On Tue, 2007-01-02 at 11:53, Job wrote:
. . .I just want to be sure receivers of email wont be able t see my
IP and stuff. . .
As long as i dont send any emails to anyone isnt it safe? I
understand my ISP and mail.com will be able to trace me but not
receivers of emails as I am not sending any at that moment.
I got curious about Tor because of concerns of businesses, including my
ISP, tracking my activities over the Internet. Ultimately I became most
concerned about Google due to the thousands of searches I've performed
over the years, including medical, political, and financial searches
that I thought were of a private nature. I've learned that Google keeps
a permanent history of all searches, and if they wished, could probably
sell most of my search history, properly linked to my real name and
address. I don't believe the US has any laws to stop this. What I've
learned about Google disturbed me enough that I removed Google ads from
my web site.
As it develops, it appears that Tor's most valuable contributions will
be in the area of allowing people under repressive governments (and
other non-benign powerful organizations) to access and share information
their governments does not want them to see, and to communicate with
like minded individuals, in and out of their own countries.
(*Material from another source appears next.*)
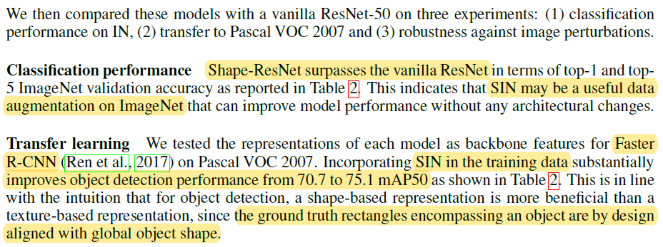 "실험을 통해 shape bias하게 CNN을 training 시킬 수 있었으며, shape bias가 가미된 CNN 모델은 classification, object recognition 성능에 긍정적인 영향을 미쳤다"

The "Why We
Need Tor" section of the Overview http://tor.eff.org/overview.html.en
says "It [lack of anonymity] can even threaten your job and physical
safety by revealing who and where you are. For example, if you're
traveling abroad and you connect to your employer's computers to check
or send mail, you can inadvertently reveal your national origin and
professional affiliation to anyone observing the network, even if the
connection is encrypted."
While Tor certainly can hide you from your final destination, whether it
be a server or individual, that seems more a by product than a core
I've found parts of this thread mildly disturbing. The Overview suggests
an excellent reason for email through Tor, though in such a case you
will not at all be anonymous to the email's recipient, but should be
anonymous to the first and subsequent links providing the connection
back to your employer. I'm having some trouble visualizing (maybe I lack
imagination) why it should be so important to hide yourself from someone
receiving your email. If you've already gone through a free email
service, and used an obscure email name, your real IP has negligible
value. That is unless the emails were harassing or otherwise violated
the origin ISP policies, in such a way that the ISP might reveal sender
information to the recipient, or cancel the sender's account.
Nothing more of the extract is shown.